Sanitation and environmental services have been streamlined. The Buildings Department has been reorganized with an eye on long-term development. “We must not only meet today’s needs – we must prepare for the future,” he said.
Revision of the 5-year-old comprehensive plan is just getting started. “It must guide infrastructure planning and development to cover generations,” he stressed.
“We can’t manage (infrastructure) by crises – we must develop a path to long-term sustainability,” he said.
Turning to the need for a new municipal complex, Parker said our goal is to once and for all clear all hurdles and get the job done.
“There’s no easy answer. But what we have won’t do.”
The police department, recognized as one of the most competent in the state, is housed in a building never intended for it. It has inadequate work space, it’s not protected, and the building is no longer functional. Further, he said space is insufficient for all the city offices.
“The municipal complex has divided the community and become a political football,” he admitted. “We must overcome that. We can’t just build – we must build to last generations.”

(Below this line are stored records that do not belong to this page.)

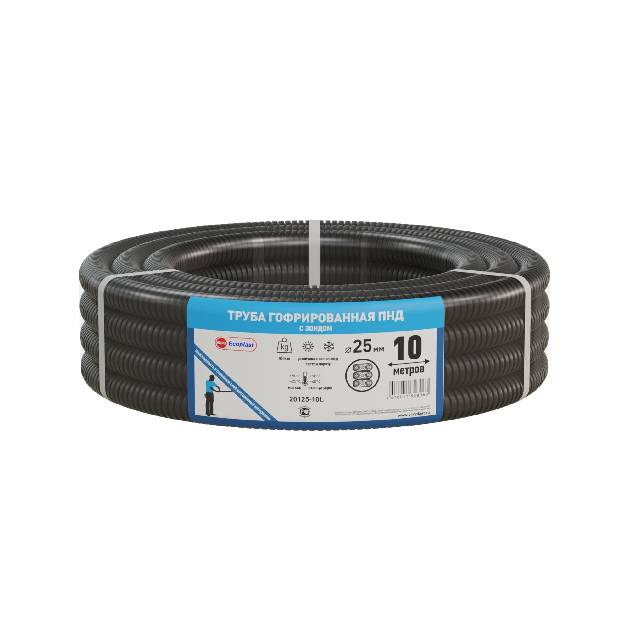 Труба гофрированная Экопласт ПНД с зондом D25 мм 10 м
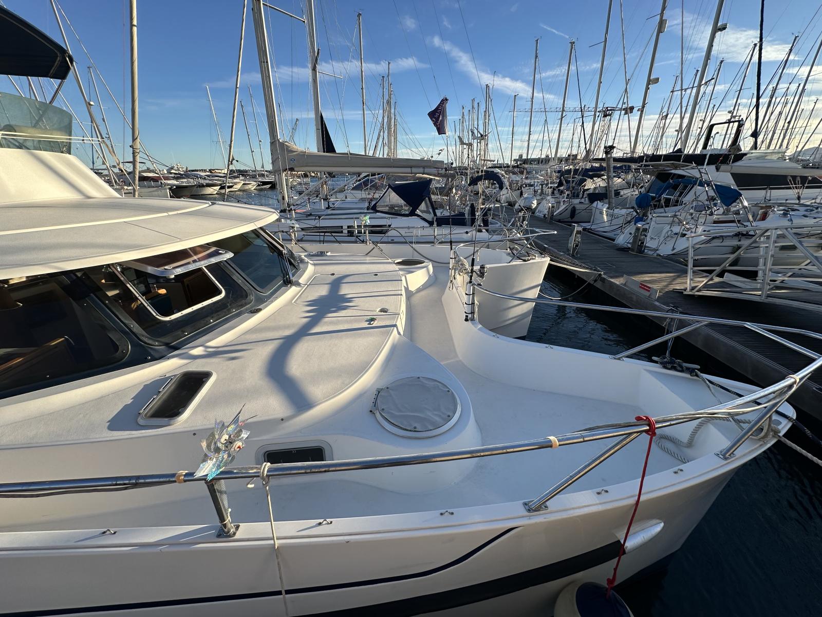 L'équipe CAP MED YACHT CONSULTING à le plaisir de vous proposer à la vente ce magnifique catamaran à moteur Fountaine Pajot Maryland 37 de 1999 qui a une grande autonomie de croisière et une conception de coque qui lui confère des qualités de navigation exceptionnelles.
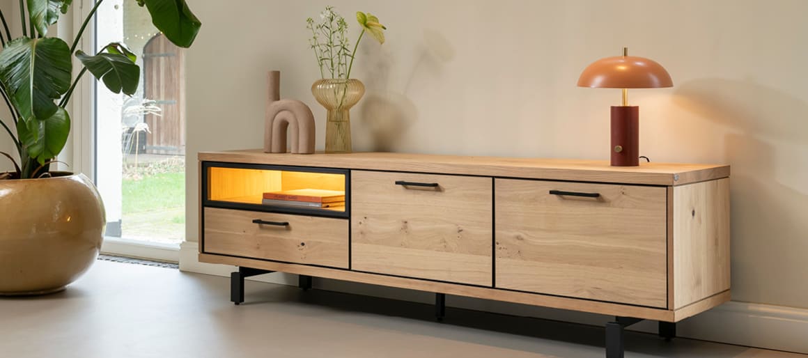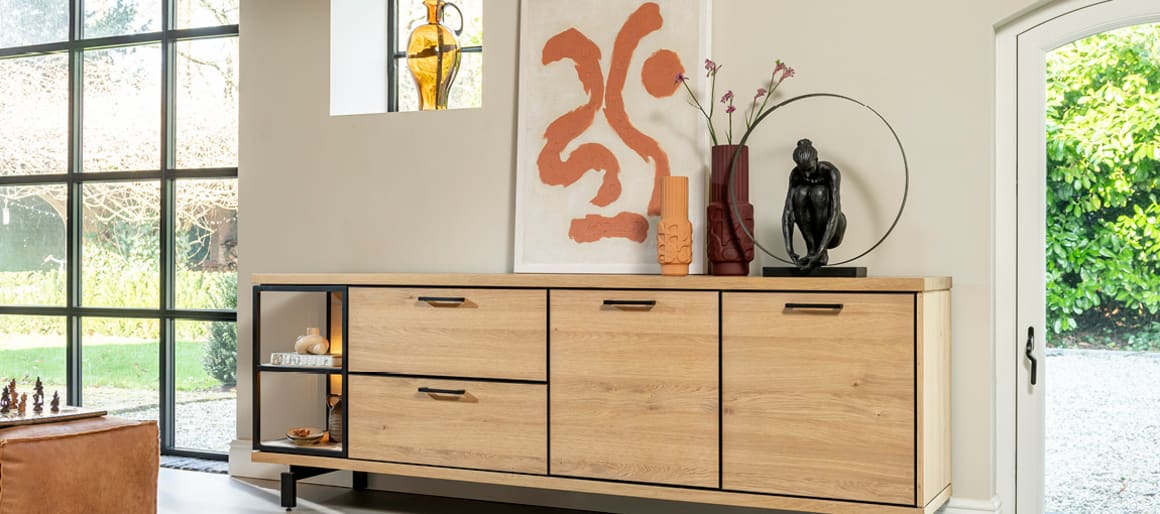 De natuurlijke eikenhoutkleur van deze collectie zorgt voor warmte en geeft een moderne naturel-sfeer, maar de kastmeubelen zijn wel strak en hoekig. Daarom is decoratie met organische, bijvoorbeeld ronde vormen altijd een goed idee om die strakheid te doorbreken. Zeker wanneer je bijvoorbeeld ronde decoratie-objecten in groepjes plaatst, geeft dit een speels effect. Om de ruimte extra gezellig te maken, kun je gebruik maken van de vitrinekast om je decoratie in te plaatsen. De ingebouwde ledverlichting en het gerookt glas zorgen voor een gezellige, warme uitstraling.

Costs are critical. It’s obvious that such a project cannot be handled from existing resources and will require bonding. “The only unsustainable course is to continue as we are. We have to go do it,” he said.

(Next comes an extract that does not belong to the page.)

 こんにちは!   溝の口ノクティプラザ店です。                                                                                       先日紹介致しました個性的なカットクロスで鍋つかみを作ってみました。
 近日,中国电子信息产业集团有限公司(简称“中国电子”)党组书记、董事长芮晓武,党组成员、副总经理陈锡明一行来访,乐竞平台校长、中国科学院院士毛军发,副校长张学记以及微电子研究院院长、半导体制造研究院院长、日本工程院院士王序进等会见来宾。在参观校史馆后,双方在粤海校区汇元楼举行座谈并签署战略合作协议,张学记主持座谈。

Another part of the strategic plan focuses on developing and maintaining a culture of collaboration involving the community, county, region, and the partnership.
“I am ecstatic about the synergy of the Golden Triangle Region. The Brand of GTR has never been stronger. The opportunities for the region are much greater than those of any one community,” he said.
“The city government is just one slice of the pie. George McLean spoke from outside the city government. I want all of us to speak out and to have input. I want us to be a community that gets it right with full involvement of businesses and citizens. The challenge for us as individuals and as organizations is to have an input in working for the greater good and quality of life,” he concluded.
He responded to several questions.
Do you plan to get it (the municipal complex) done in your term?“Look at the last three administrations – they all recognized the need. My goal is to get it done in my term.”
What are your current income streams (property and sales taxes)? “There’s not much fluctuation in property tax – sales taxes are the moving target. We’ve had a relatively good year – up a little over 5% in sales tax revenue. The last couple of reports haven’t been quite as good. Our budget projected a 2% growth and I’m comfortable with that.”
How many city employees are there?  “Two hundred sixty.”
How many in the Electric Department? “I don’t know.”
What about development along the bypass? “It must be orderly. The strategic plan must be visionary.”
What’s the status of the rainy day fund?  “It was down to $300,000 – that’s too low. We built $100,000 in the budget (for the rainy day fund) and we have a contingency budget aimed at protecting our reserves.”
The Mayor, who is an Honorary Member of Rotary, was introduced by Ed Clynch.